A 25.00 mL sample of 1.00 M CH3CO2H is titrated with 1.00 M NaOH....

Question

A 25.00 mL sample of 1.00 M CH3CO2H is titrated with 1.00 M NaOH. Calculate the pH after 30.00 mL of NaOH has been added. (Ka = 1.8 x 10^-5) (a) 6.90 (b) 9.36 (c) 11.54 (d) 12.95

Accepted Answer

Calculate the initial moles of CH3CO2H using the formula: moles = concentration $ \times $ volume. Here, the concentration is 1.00 M and the volume is 25.00 mL.. Calculate the moles of NaOH added using the same formula: moles = concentration $ \times $ volume. The concentration is 1.00 M and the volume is 30.00 mL.. Determine the limiting reactant by comparing the initial moles of CH3CO2H and the moles of NaOH added.
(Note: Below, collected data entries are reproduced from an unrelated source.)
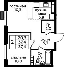 2-комнатная квартира № 203, 37.40 м2 с отделкой 3 эт.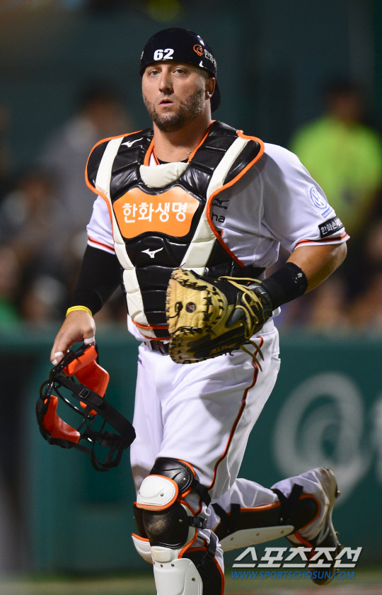2015 프로야구 삼성과 한화의 경기가 26일 대전 한화생명 이글스파크에서 열렸다. 6회 포수로 나선 한화 폭스가 삼성 세 타자를 삼자범퇴로 막고 내려오고 있다. 삼성은 선발투수로 8승 8패 방어율 6.53의 장원삼을 내세웠다. 한화는 8승 6패 방어율 4.96의 안영명이 선발 등판했다. 대전= 정재근 기자 cjg@sportschosun.com/2015.08.26/ |
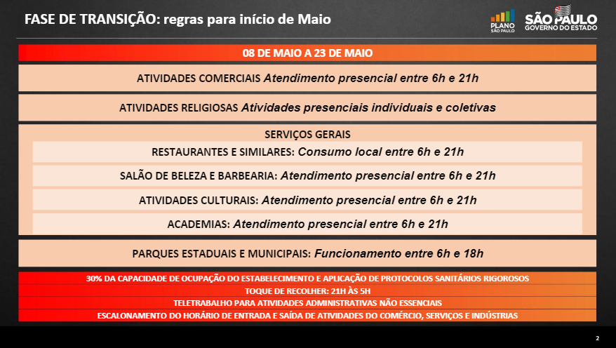 O Governador João Doria confirmou nesta sexta-feira (7) uma nova prorrogação da fase de transição do Plano São Paulo para todo o estado por mais duas semanas, até o próximo dia 23. O estado continua registrando redução gradual de indicadores de casos, internações e mortes por COVID-19. Isso permitiu a extensão de mais uma hora no expediente de atendimento presencial, das 6h às 21h, e com limitação de 30% de capacidade em comércios e serviços não essenciais.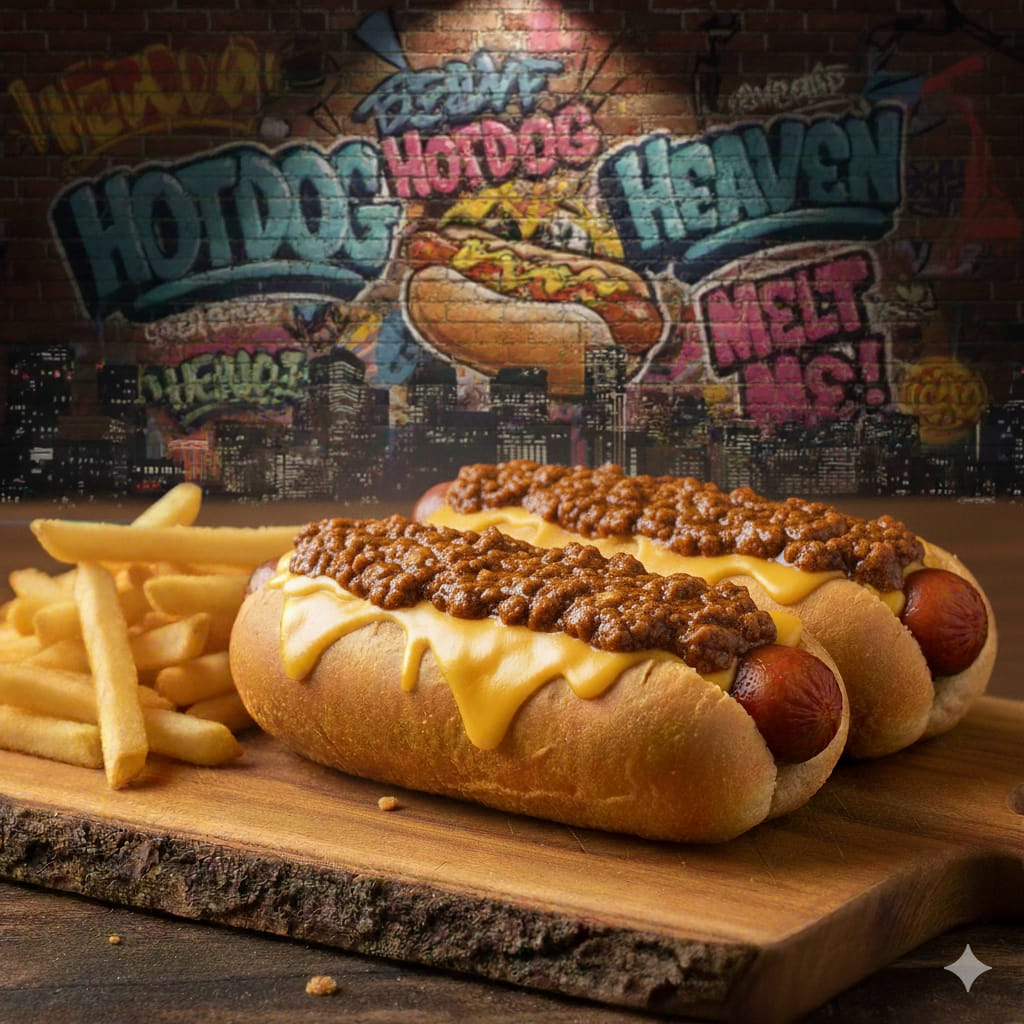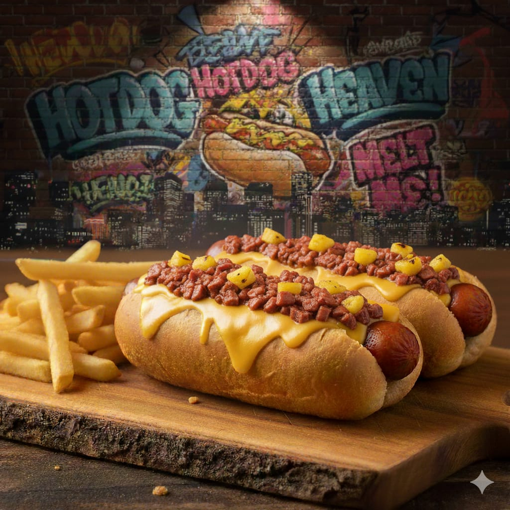 2 Hotdogs con Chilli con Carne ,Mix de Queso Fundido ,Queso Americano Fundido ,Jitomate ,Pepino ,Cebollas Caramelizadas y Chimichurry acompañado de 100 gramos de Papas a la Francesa

Since NaOH is in excess, calculate the moles of NaOH remaining after the reaction.. Use the Henderson-Hasselbalch equation to find the pH of the solution. The equation is: $ \text{pH} = \text{pKa} + \log \left( \frac{[\text{A}^-]}{[\text{HA}]} \right) $, where $ \text{pKa} = -\log(\text{Ka}) $.. Substitute the concentrations of the acetate ion $[\text{A}^-]$ and acetic acid $[\text{HA}]$ into the Henderson-Hasselbalch equation to calculate the pH.